Tuesday

Dear Mr. Watterson


It's been fifteen years since Calvin and Hobbes ended. Since then, there have been other decent comic strips in newspapers: Mutts, Get Fuzzy, Pearls Before Swine, but none have come close to touching the pinnacle of cartooning excellence that Calvin and Hobbes represented. That's right, Calvin and Hobbes was the best thing that has ever been printed on a comics page. It's better than Windsor McCay's Little Nemo in Slumberland, better than Walt Kelly's Pogo, and better that Georg Heriman's Krazy Kat. Bill Waterson, C&H's author, has remained reclusive, and has several times published papers or given talks on why he ended the strip after only ten years, and why he prefers to remain out of the public eye. Recently, however, he gave a short interview to the Cleavland Plain Dealer, which you can read here.

Also, watch the trailer above for the documentary Dear Mr. Watterson, a project in production on the creation and cultural impact of the work.

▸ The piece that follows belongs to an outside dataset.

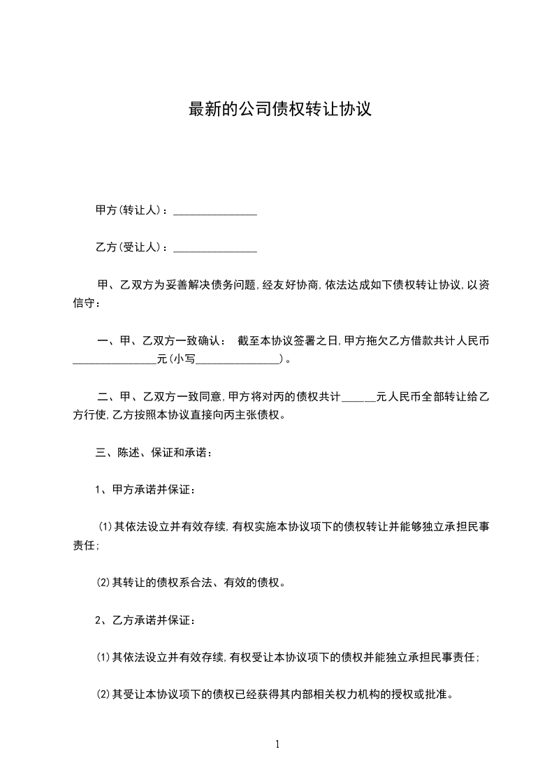 二、甲、乙双方一致同意,甲方将对____________的债权共计_________________元人民币全部转让给乙方行使,乙方按照本协议直接向____________主张债权。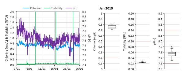 This next example is an XY graph of treatment plant performance. It shows treated water turbidity, chlorine residual and pH for the month of January. The readers eyes and brain have to do a lot of work to evaluate performance for each variable with this graph type.

A great compilation of Watterson's writings can be found here, including his thoughts on Little Nemo, a review of Berke Breathed, and his now famous manifesto The Cheapening of Comics, where he tears into the current syndicate system, and presents his thesis that currently, cartooning is regressing into a more and more inane and primitive form. What Watterson could not have predicted, of course, was webcomics, which give their creators total control over their creations and unlimited space to do it in. Still, webcomics have a ways to go before they start producing really memorable work. At the moment, really exceptional series are few and far between, such as Buttercup Festival, Copper, and Rad Sechrist's Beneath the Leaves and Wooden Rivers.